Not only has the Chinese government kicked in to help out where it previously hadn’t, but it has also mimicked the Heifer model of livestock distribution to needy families in places in China where Heifer is not already working. Below, Wen Yongqing and her husband Wu Yuantian sort silkworms given to them by HI. “Before I was not so hard working and my wife was always angry with me. Now she doesn’t get mad so easily because I am working hard,” says Mr. Yuantian. (We all know his wife is probably just too demanding.)


Driving around Chengdu at night with the windows down, Christian and I marveled at glitzy neon streets and the abundance of advertising billboards that often stretch across the width of entire skyscrapers. Western brands are popular here, from the ubiquitous Starbucks and KFCs to high end fashion like Louis Vuitton and Hugo Boss, while BBC and CNN are banned. Homesick for American radio, Christian and I would often sing the songs of our homeland during long drives, perhaps sometimes to the chagrin of those in our entourage. That night we began to sing “Sounds of Silence” when after the first line, our driver, who spoke no English, immediately perked up and began fumbling through the glove box. He found a CD and slid it in. We waited to hear what it was: “Hello darkness my old friend…”

We almost lost it. Christian and I started laughing hysterically while Bei and Joy were perplexed. By the second line we were belting out the words right along with Paul and Art. Unable to discuss politics or religion or media coverage openly, it was as if we were sending out all that we meant to express in code: “Hear my words that I might teach you, take my arms that I might reach you.”

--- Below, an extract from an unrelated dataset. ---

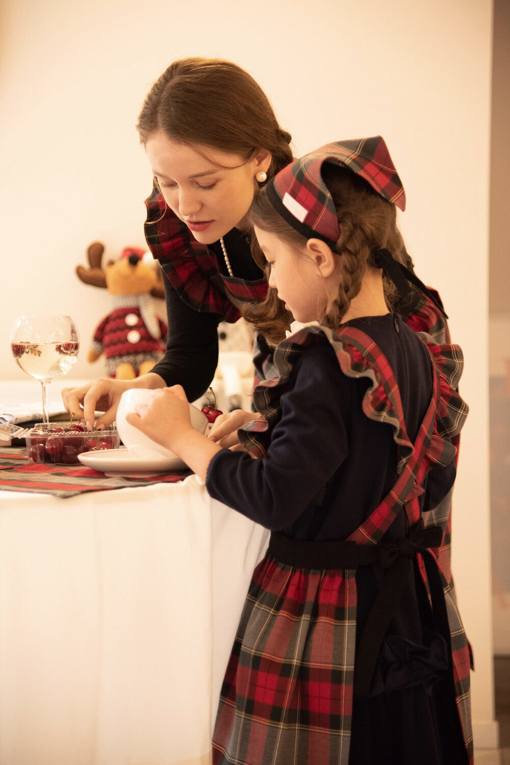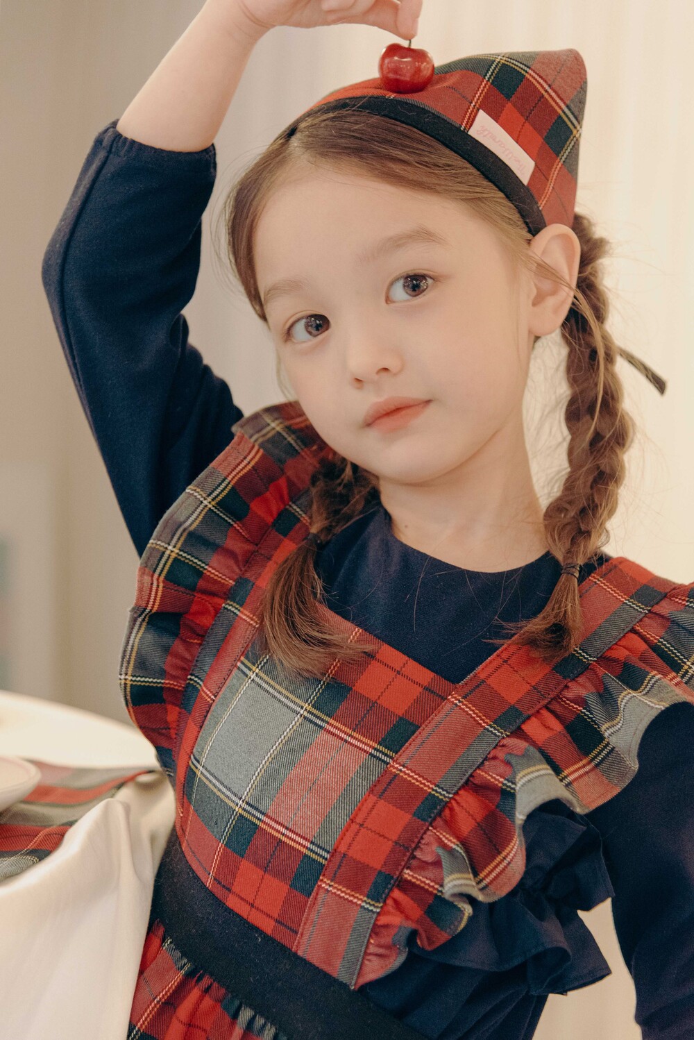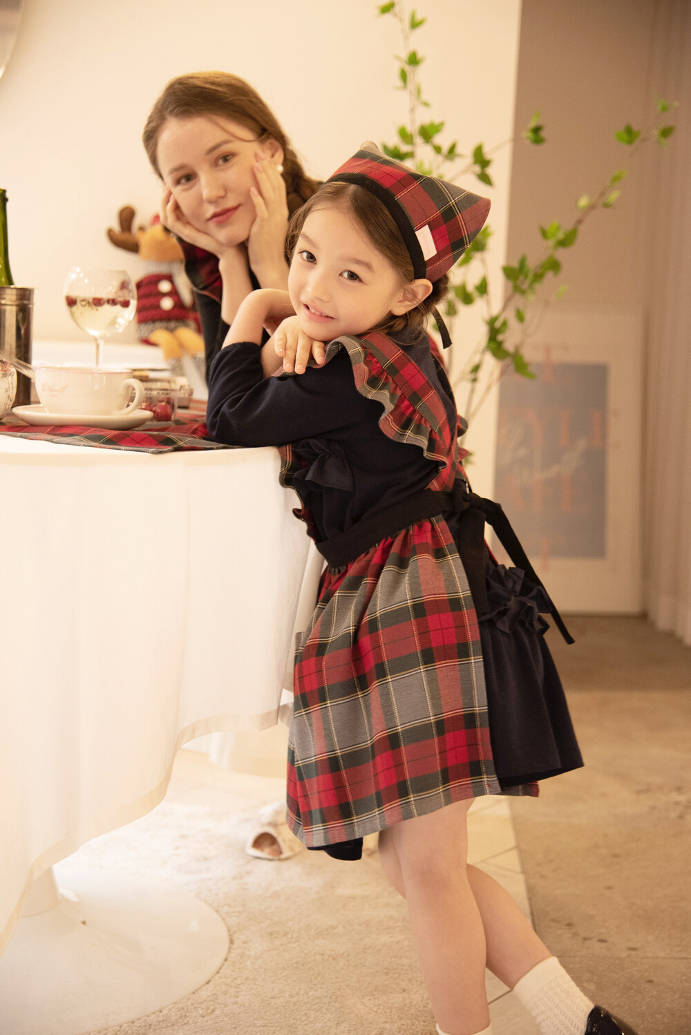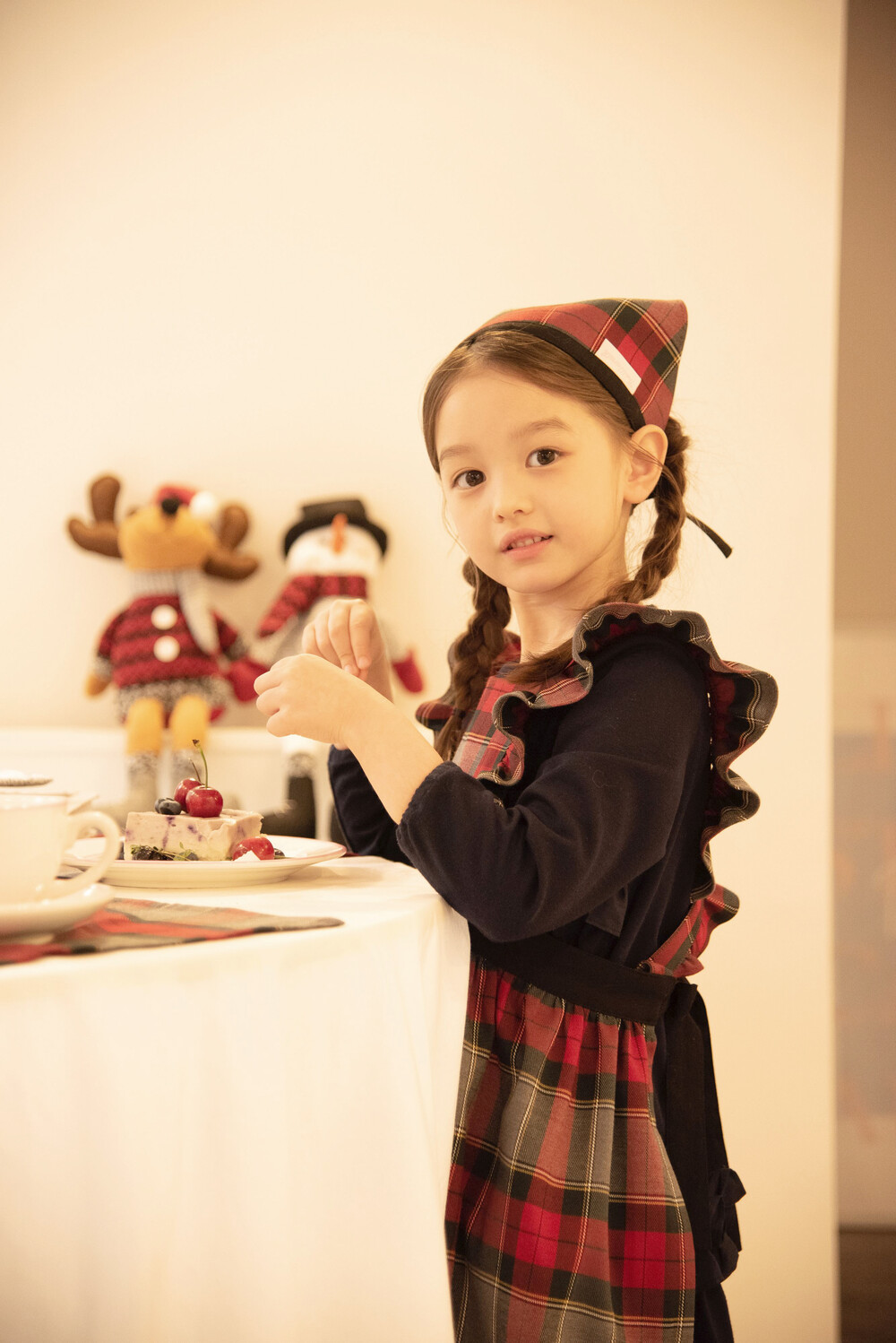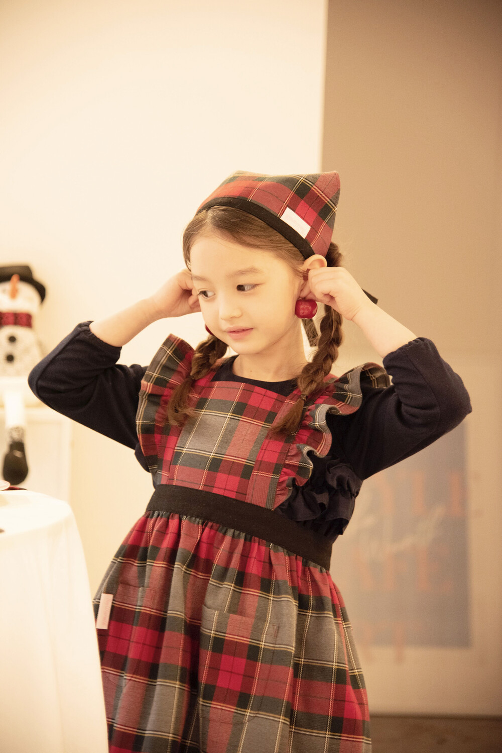 키즈 홀리데이 프릴 원피스 앞치마_Red

As China’s economy continues to open and grow, more and more people continue to climb out of poverty. In fact, if the UN reaches its Millenium Development Goal of cutting global poverty in half by the year 2015, it will be because of promising statistics coming out of China and India. Around 10% of the Chinese population is living below the poverty line. That sounds like a pretty good statistic until you figure that 10% of the population equals 130 million people, more than the entire population of Japan.


Cities continue to expand and quality of life there is, for the most part, better. But change is slow to reach the countryside where education is not yet a universal affair and where power lines and water pipes don’t always stretch.